An effort to raise the minimum wage to ten dollars an hour in Maryland by 2015 is raising some eyebrows among local business leaders.
The Restaurant Association of Maryland is concerned about it…So are some mom and pop stores.
At Z Pizza in Silver Spring, even the cooks don't make ten dollars an hour now. Manager Deandre Eley says a boost in the minimum wage would be a positive thing for a lot of people who work here.
"You can't really live on 7 dollars an hour. You're living paycheck to paycheck, so it would bring them up," Eley says.
But he also thinks a hike in the minimum wage could end up costing jobs because of the increased labor costs.
"I'm against it because a lot of restaurants won't be able to make that labor.
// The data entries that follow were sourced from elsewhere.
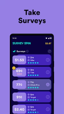 This app looks like it has potential, but unfortunately it is hard to qualify for any surveys, with it constantly being declined and disqualified. It seemed like a cool app until all the bugs that need to be fixed. Or another fact seeing a survey for 7 cents for 25 minutes survey, which is ridiculous. Update: can't qualify for any surveys, if do the amount is so small and the spins always land on nothing. This app is trash and isn't worth downloading.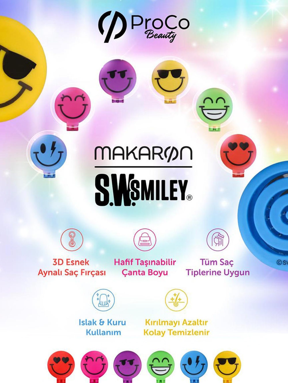 ProCo Beauty Makaron Saç Fırçası Smiley Sürpriz Paket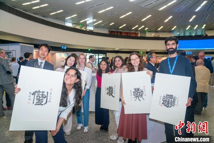 當(dāng)?shù)貢r間4月14日,慶祝2025年聯(lián)合國中文日系列活動在維也納聯(lián)合國總部開幕。圖為當(dāng)日來賓展示書法作品。(中國常駐維也納代表團供圖)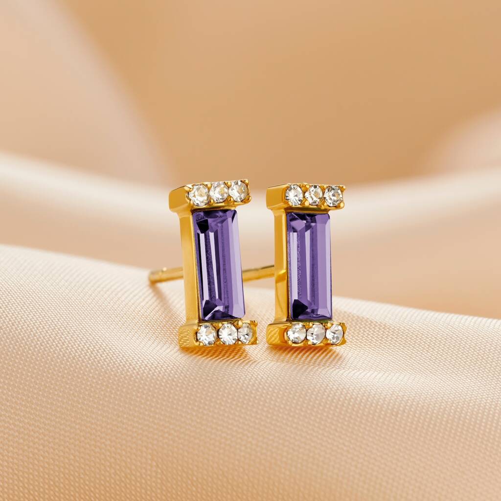 Birthstone stud earrings featuring a baguette cut Swarovski crystal in the coloured crystal birthstone of your choice.
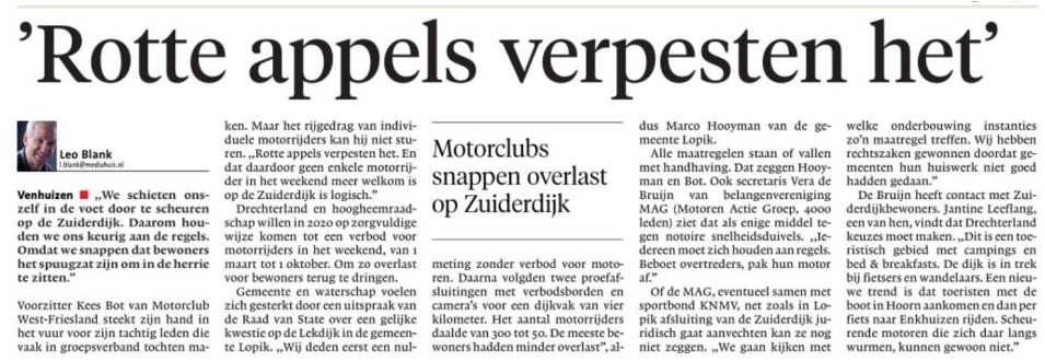 Gemeentebelangen Drechterland heeft al begin 2018 een motie ingediend om de overlast van verkeer (hoofdzakelijk motoren) te beperken voor de inwoners aan de dijk. Deze motie werd toen door de coalitie weggestemd, maar blijkbaar is het college toch tot inkeer gekomen en konden ze niet meer onder de klachten van de inwoners uitkomen. GBD is heel blij met deze stap en we hopen dat de proef een succes wordt. Wij bijven dit onderwerp scherp in de gaten houden.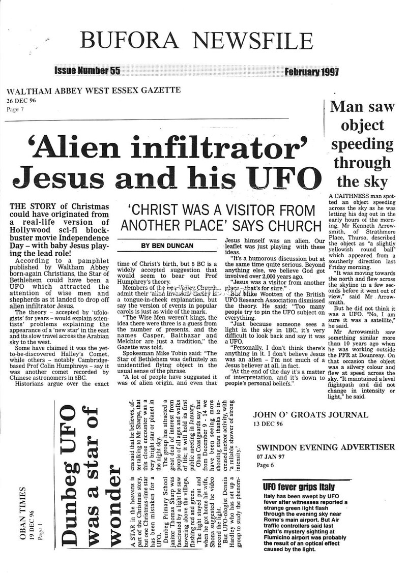This document is a compilation of press reports from late 1996 and early 1997, curated by the British UFO Research Association (BUFORA). It serves as a digest of various UFO and UAP sightings reported in local newspapers across the United Kingdom. The reports cover a wide range of phenomena, including sightings of 'cigar-shaped' objects, 'V-shaped' formations with red and white lights, and 'yellowish round balls.' Several reports highlight the skepticism of authorities, with some sightings being attributed to laser displays, satellites, or optical effects. The document also features discussions on the cultural impact of UFOs, referencing the influence of the 'X-Files' television series on public perception. Notable entries include reports of an 'alien infiltrator' theory regarding the Star of Bethlehem, the establishment of a counselling service for alien abductees by Eric Morris of BUFOS, and accounts of police officers witnessing unidentified aerial phenomena. The document reflects a period of high public interest in the subject, with surveys suggesting a significant portion of the British population believed in the existence of extraterrestrial phenomena or government cover-ups of UFO crashes. The compilation provides a snapshot of the contemporary discourse surrounding UAPs in the UK during the mid-1990s, capturing both the earnest investigations of enthusiasts and the dismissive responses from official bodies.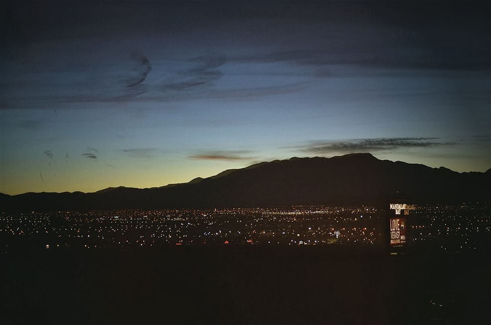 The mountains to the west of Vegas have reddish stripes of rock in them, which of course can't be seen in this photograph. In fact, except for the Mandalay Bay sign I don't think you could really tell this is Vegas. I don't quite remember where I took this, but given what I see in the picture it was taken from inside the Mandalay Bay. This makes sense, as the windows there are gold tinted.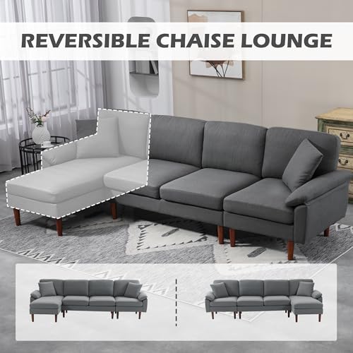 Cozy Time: This L-shaped sofa provides you with the softness, high resilience, and support you deserve with its breathable linen-feel fabric, 5.9″ (15 cm) padded seat cushions featuring high-density foam and a spring pack inside, 7.9″ (20 cm) overstuffed back cushions, 2 extra pillows, and 2 armrest cushions.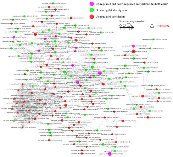 Interaction network of the quantified lysine acetylated proteins. The proteins associated with ribosome were shown in “△”. The proteins in green are down-regulated and the proteins in red are up-regulated. Proteins in purple were modified at different sites with both increased and decreased levels.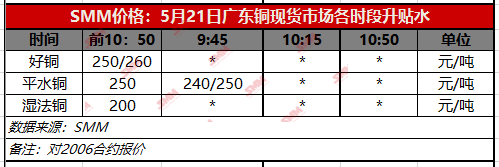 【SMM价格】5月21日广东铜现货市场各时段升贴水(第一时段)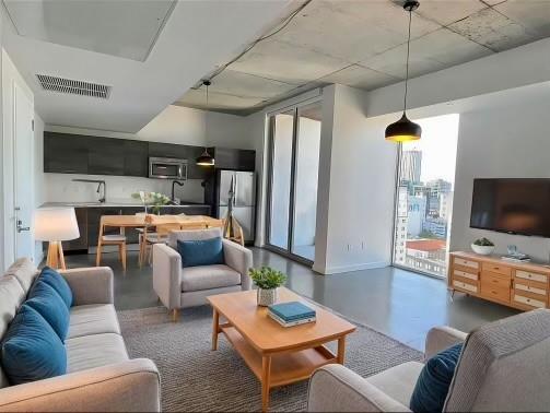 NEWLY painted luxury studio apartment nestled in the heart of downtown Miami. This rare gem gives easy access to the city's vibrant cultural and commercial districts—walk to Bayfront Park, Brickell, Biscayne Blvd, and a variety of shops & entertainment venues. The unit comes equipped with a washer & dryer, and the building boasts top-notch amenities including a rooftop pool, upper & lower lounges, a gym, & steam room. Pet-friendly with no weight or size restrictions—just register your furry friend with the association. You're also just steps away from Whole Foods, CVS, Walgreens, MetroRail, & major banks. Proximity to landmarks like the Kaseya Center (formerly American Airlines Arena), Adrienne Arsht Center, and Pérez Art Museum. ADDED BONUS: you can do SHORT-TERM RENTALS with this unit!

By boosting it to ten dollars an hour, that's a lot of paychecks you'll have to cut", Eley says.
State Senator Robert Garagiola of Germantown and Delegate Aisha Braveboy of Mitchellville say they'll introduce legislation this week to increase the minimum wage from $7.25 now, to $8.25 in July, then to $9 in July of 2014, to $10 in July of 2015.
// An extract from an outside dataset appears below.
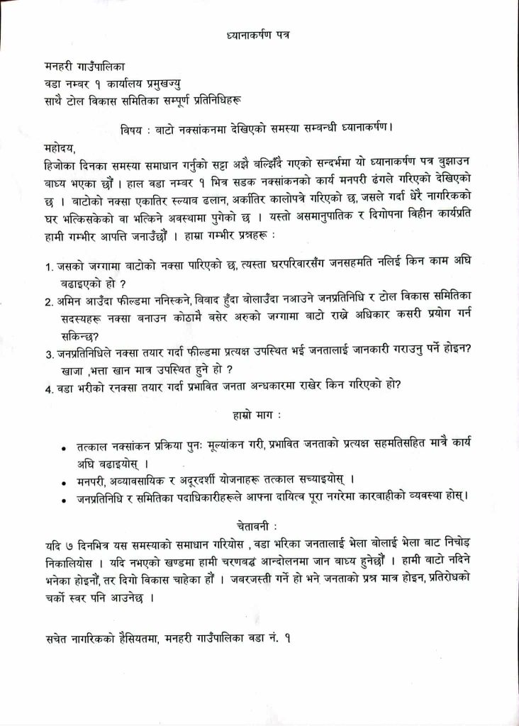 आइतबार उक्त बिषयमा मनहरी गाउँपालिका–१ सचीव र सम्पूर्ण टोल विकाससमितिका प्रतिनिधिहरुलाई वडाका नागरिकहरुले ध्यानाकर्षण पत्र बुझाएका हुन् ।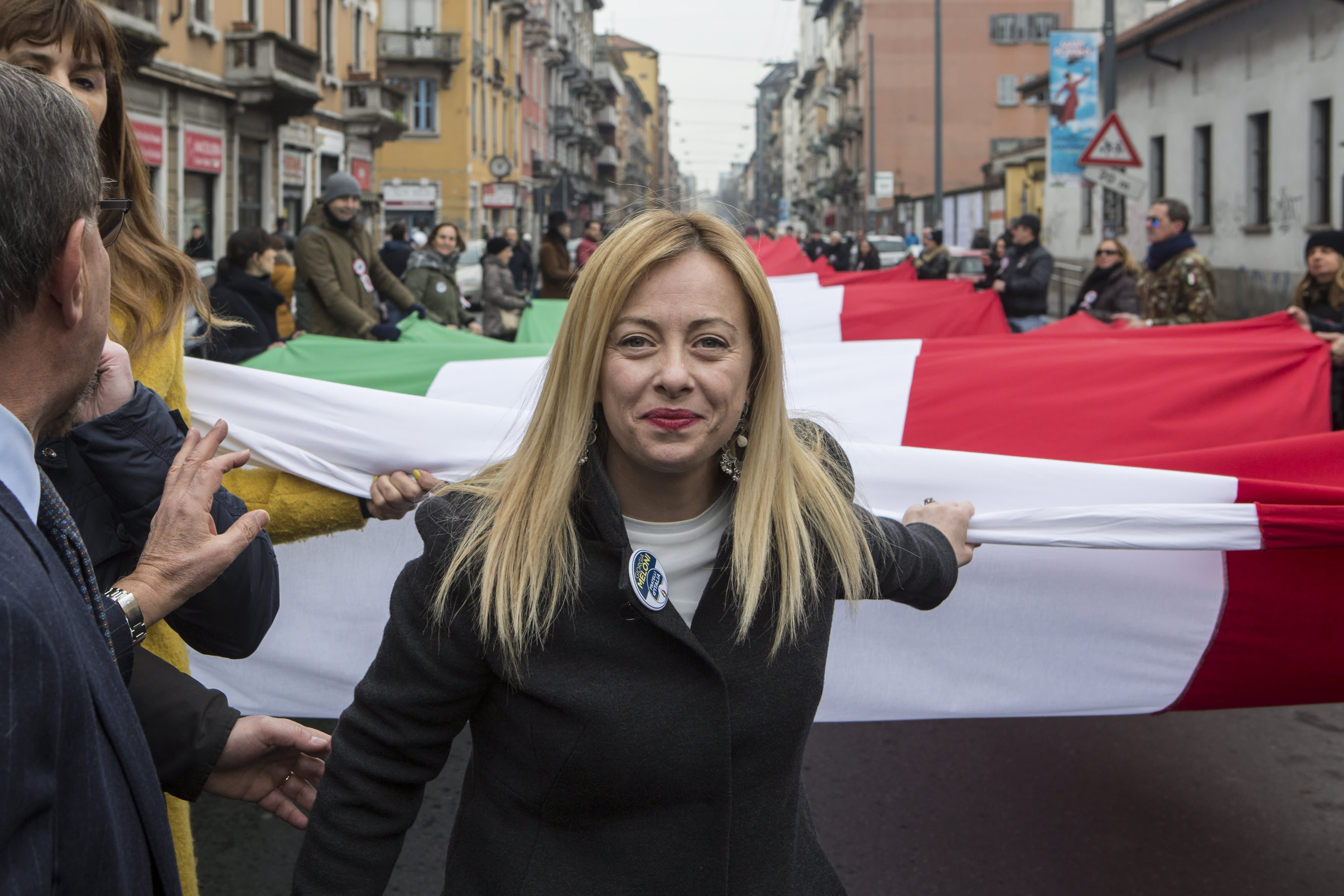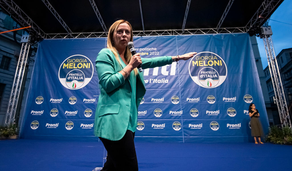 جيورجيا ميلوني، زعيمة حزب فراتيلي ديتاليا الإيطالي اليميني المتطرف (أخوة إيطاليا)، خلال مسيرة كجزء من حملة الانتخابات العامة، أيلول 2022/ Getty

"I make minimum wage now, and after taxes get taken out, there's not a lot left," Tori Sowell says.
She was out job hunting with a friend so they can start saving for college spending money this fall.
"I think it would be incredibly helpful," Emma Luyre says. "I wouldn't need to have two jobs. I could just concentrate on my work in high school, and still have money left to go out."
Studies have shown that previous hikes have resulted in more than 7,000 fewer jobs for Maryland teenagers between 2005 and 2011.
But sponsors of the bill call it an anti-poverty plan to give middle class families more money, which they can pump into the economy.
It has the support of a new campaign called Raise Maryland made up of 20 unions, Immigrant groups, and others who say too many Maryland families are having trouble making ends meet on $7.25 an hour.
"I'm for it as long as that doesn't make everything else go up, like food and rent, because then it doesn't help the people it's supposed to because it ends up skewing everything else," Ashley Clingman-Jackson says.
Six other states besides Maryland are considering minimum wage hikes of their own this year too.